E una volta terminata questa stagione?
«Vorrei rimanere legato all’hockey. Potrei fare l’allenatore, avere un ruolo dirigenziale, lavorare con gli arbitri, ma mi piacerebbe anche fare il commentatore. Comunque sia il mondo dell’hockey dalla Spagna al Portogallo ora sa che sono libero: Gabriel Cairo ha dovuto abbandonare la panchina del Barcellona, non si sa mai... Sogno a occhi aperti».
E l’Italia? Una generazione di fenomeni si sta avviando verso il ritiro...
«Il problema principale è che rispetto ad altri Paesi abbiamo pochi giovani che praticano questa disciplina. Nonostante tutto siamo a ridosso di Spagna, Portogallo e Argentina... ma a noi non piace essere a ridosso degli altri, perché abbiamo vissuto un’epoca favolosa con grandissimi atleti che hanno vinto tutto quello che era possibile vincere a livello di club e di Nazionale».

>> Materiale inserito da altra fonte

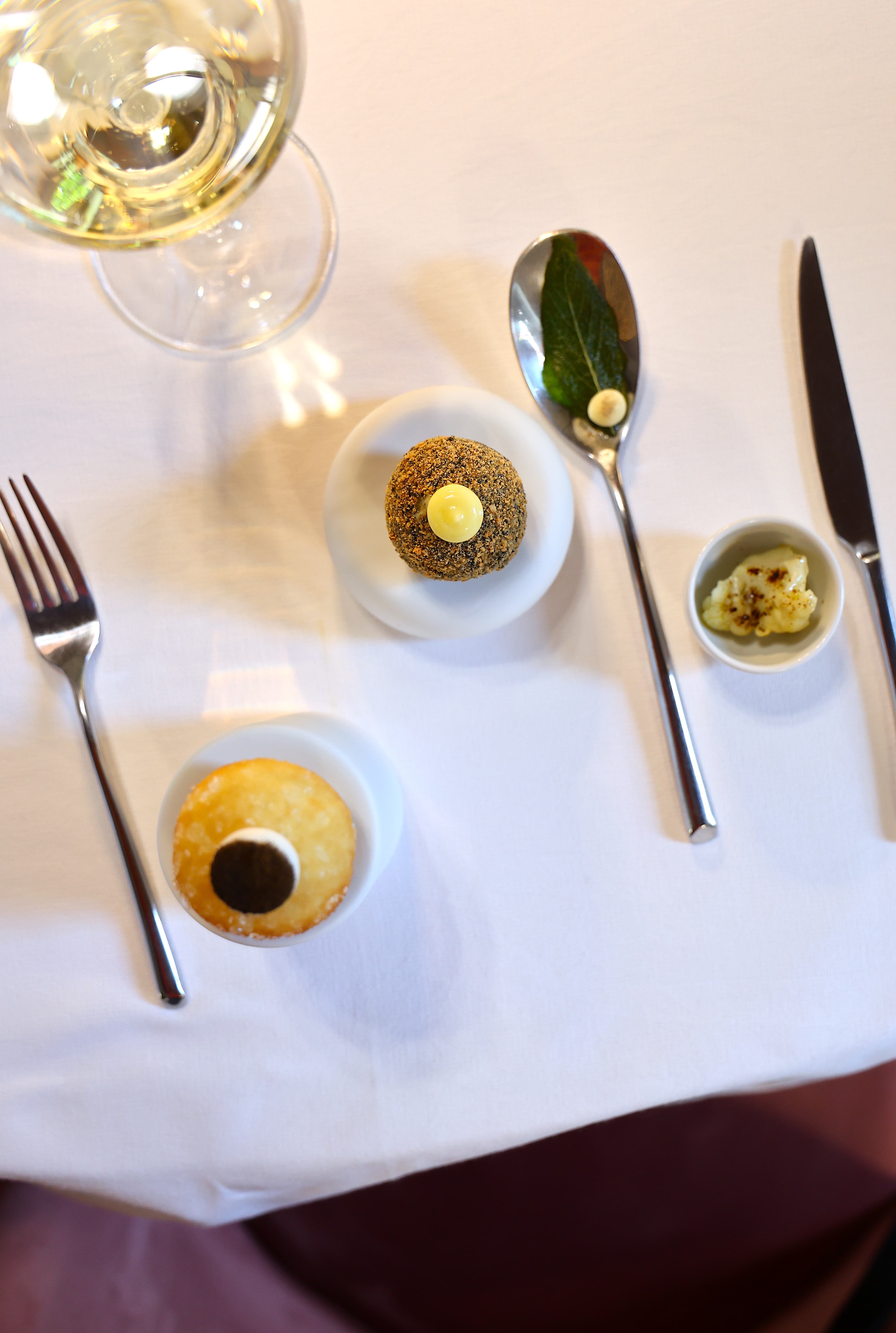 L’occhio ha la sua parte: piatti belli da vedere, e poi una sapienza nel gioco di consistenze, contrasti, equilibri.
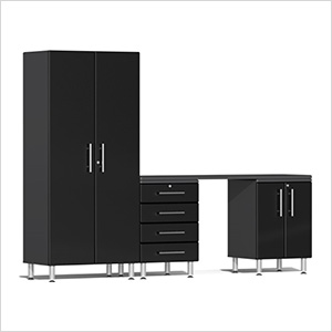 Ulti-MATE Garage Cabinets 4-Piece Garage Cabinet Kit with Channeled Worktop in Midnight Black Metallic

Come fare per tornare grandi?
«Prima di tutto bisogna cercare di investire ciò che si ha nel migliore dei modi, poi è fondamentale avere degli allenatori preparati in maniera completa. Perché non bisogna crescere un giocatore solo sotto l’aspetto tecnico e tattico, serve anche il fattore culturale: oggi se i giovani dai 12 ai 18 anni sono bravi nella loro fascia di età si sentono già in diritto di andare in Nazionale, di giocare nel loro club e di vincere tutto. E questa è una cultura sbagliata, bisogna intervenire sulla psicologia dei ragazzi insegnando loro prima di tutto il sacrificio e il rispetto degli avversari».
L’Amatori ed Enrico Mariotti, che non si sono mai sposati in tutti questi anni, si incontreranno per l’ultima volta il prossimo 13 aprile a Forte dei Marmi. L’ultimo ricordo di un campione illustre con i pattini ai piedi. Ma è un arrivederci, lo dice lui stesso: «Grazie hockey, ti adoro, a presto...».